My response was that being busy was not a badge of honor, a goal to aspire to nor was it an excuse to not do the critical work required to reduce the uncertainty of digital product development. In fact, it revealed a deeper cultural issue: the lack of an objective, safe way for teams and leaders to say “No” to work.

At first blush saying “No” might come across as insubordinate. But it’s critical for leaders and teams to have a clear framework for deciding what to work on and what to leave in the icebox. In fact, by deciding to do certain work, teams are implicitly saying “No” to many other projects. I like the way Jason Fried put it:

To help teams determine where to best spend their time, they must be managed to outcomes. Outcomes are measures of customer behavior. These are the behaviors that we want to encourage in our customers because they make them more successful. The more successful our customers are, the more successful our business becomes. There are two main benefits to managing to outcomes:

  1. It keeps the customer front and center in all conversations — Many teams end up caught in the day to day minutiae of shipping features, fixing bugs and optimizing conversion funnels. Rarely are teams asking how this is working for the customer because the incentive structure in most companies is based on getting those bits of code, copy and design out to customers by a specific deadline. Managing to outcomes incentivizes teams to figure out not only which solution is best but then how to optimize that solution so that it’s implementation best meets the customers’ most pressing needs. The quality of the solutions is determined not by when they were delivered but by how effectively it shifted the user’s behavior towards a better end state for them.
  2. It provides an objective prioritization process for leaders and teams — Outcomes serve as filters. As new work is proposed it has to pass a tough pair of questions:

– How does this idea help us achieve the kind of customer behavior change we’re seeking?

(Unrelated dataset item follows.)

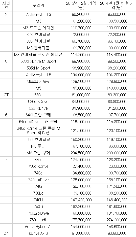 [표]BMW코리아 2014년 가격표

– Does this idea seem more promising than the other ideas we’re currently working on?

If the idea, regardless of how attractive or who proposed it, doesn’t fit the outcome goal of the team, they have a clear, objective way to say “No” to the idea. If the team believes the idea can help them meet their outcome goals, the second question forces a comparison to current prioritized activities. If this is not more promising, based on existing knowledge, than current work, then the team can once again say, “No” or at least, “Not yet.”

Being busy is not something you hear in companies’ culture manifestos. In fact, we don’t want our teams to be busy. We want them to be productive. If we measure productivity by the quantity of work they do, we’re applying an industrial-era management model designed to optimize the production of physical goods to software teams building complex systems. If we measure productivity by the impact our work has on customer behaviors, outcomes, we’re building a customer-centric culture that empowers our teams to make evidence-based decision not only on the efficacy of their work but on what they work they choose to do.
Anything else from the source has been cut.